These lectures are brilliant! I have hardly a week left before my exams, and I never really managed to understand permutations all year. Until I saw these lectures. Hats off to you sir, for such excellent explanations!
Im taking CIE A levels and this is the hardest topic for me. This chapter is in AS but I think that it's the hardest of both AS and A2. Maybe you won't reply to me, but I have to say, thank you for making videos on Perm and Comb. I can't find any other videos that gives a full lesson on the Perm and Comb. of my syllabus's standard.
@varietychannel5000 These examples are the easiest examples that can be provided for our Permutation and Combination questions. U should take a look at our statistics papers. There will be permutation and combination questions in all the papers
May God bless you seriously man thank you so much I needed this so badly I have a test this Wednesday and I hope this helps (I believe it really did) you explain it way easier than my teacher does idk what she even talks about. Thank you tho
Because the two L's in HELLO are the same regardless of their arrangement (LL and LL are the same). In the last example, the arrangements R and P can be either RP or PR thus they can be arranged 2! ways.
For parallel, why didnt you multiply the end result by 7 because the P and R could by together after one letter, or two letters, like : A(PR)ALLLE and AA(PR)LLLE etc.
You have to divide when you see identical letters. when some of the letters are repeating themselves, you divide by their total count factorial. It's vice versa for the 2nd and any other similar example.
hi, why didnt u divide 5!X3! by 4! for the no of repeated men. in people questions do we not have to do that? and if it were all different letters in the last example, wud we have to divide again? i have a stat exam tomorrow!
A machine is used to generate codes consisting of 5 letters (A, B, C, D, E), 3 digits (6, 7, 8) and 2 special characters (#, @). Find the total number of codes that can be generated i. if the letters, digits and special characters must be grouped together
But u alr count them as one by doing 4! instead of 5!. If u do 5! It means that u considered their arrangements. L1 L2 or L2 L1. So u have to divide 2 to get L1L2 only or L L if u like.
@@oneinabillion654 if you didnt consider them as the same objects, then you would have to divide by two, but because the restriction makes them one item, we neither multiply by two or divide
if the two L aren't rearranged in question 1 because you don't notice the difference between them how come in the word parallel you times by 2 and 3 factorial if there is no difference in order of L's and A's
Bro they are literally the same, It can only Be possible when Two letters are different like The last question (PR and RP) Whats the point of (LL and LL) haha
the problem in which the items are not together..i tried to use that method in a,b,c,d where a and b must not be together...i got wrong answer. i also tried to get 8! - (no. of ways in which a and b sit together)= the no. of ways they will not be together...i didnt get the same answer
Why does he counts the letter L as 1 if there are 2? In combinations, two identical items count as 1, but in this example we are revising permutations examples.

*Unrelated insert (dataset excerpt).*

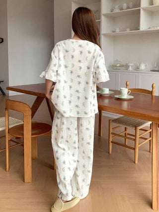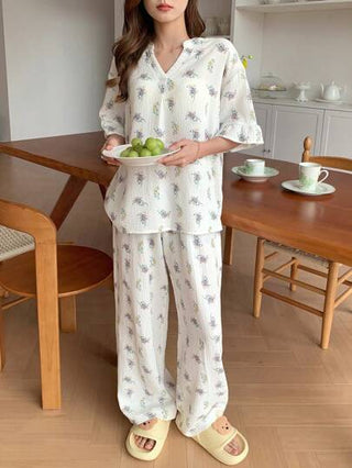 DAZY طقم ملابس نوم فضفاضة ذو طباعة زهرية وحافة مزركشة, طقم أبيض

Some can clarify this example. Please
For some, there can be repetition of letters but for other u can't. Like my CIE A level statistics, we cannot have repetition so we do this: (4!2!)/2! Which cancels to 4!. Again, this is when there is no repetition of letters
I think the first example is wrong. I can prove it. Lets take a simple example instead. We have *WOW*. How many different arrangements can we make? 1)We use 3!÷2! we got 3. 2)We consider W as 1 we have 2! and we got 2 So which one is correct? Lets arrange them to find out which working is correct. *WOW* can be arranged into: OWW WOW WWO Theres 3 arrangements! So we use the first working! I hope this helps
My solution is correct. Your workings for the specific situations are correct but you have missed the point of the video. The video is demonstrating how many ways the two letters L stay together, NOT how many different arrangements of the letters in HELLO which would be 5!/2! (Your case 1 for WOW). However I required the LL in my example to be together and so it is 4! as described in the video which leads to 24. This is the case you demonstrated in your example 2. I hope that clears this up for you. Please let me know and I will then remove the comment as it may cause confusion for others if they think my solution is wrong. Thank you.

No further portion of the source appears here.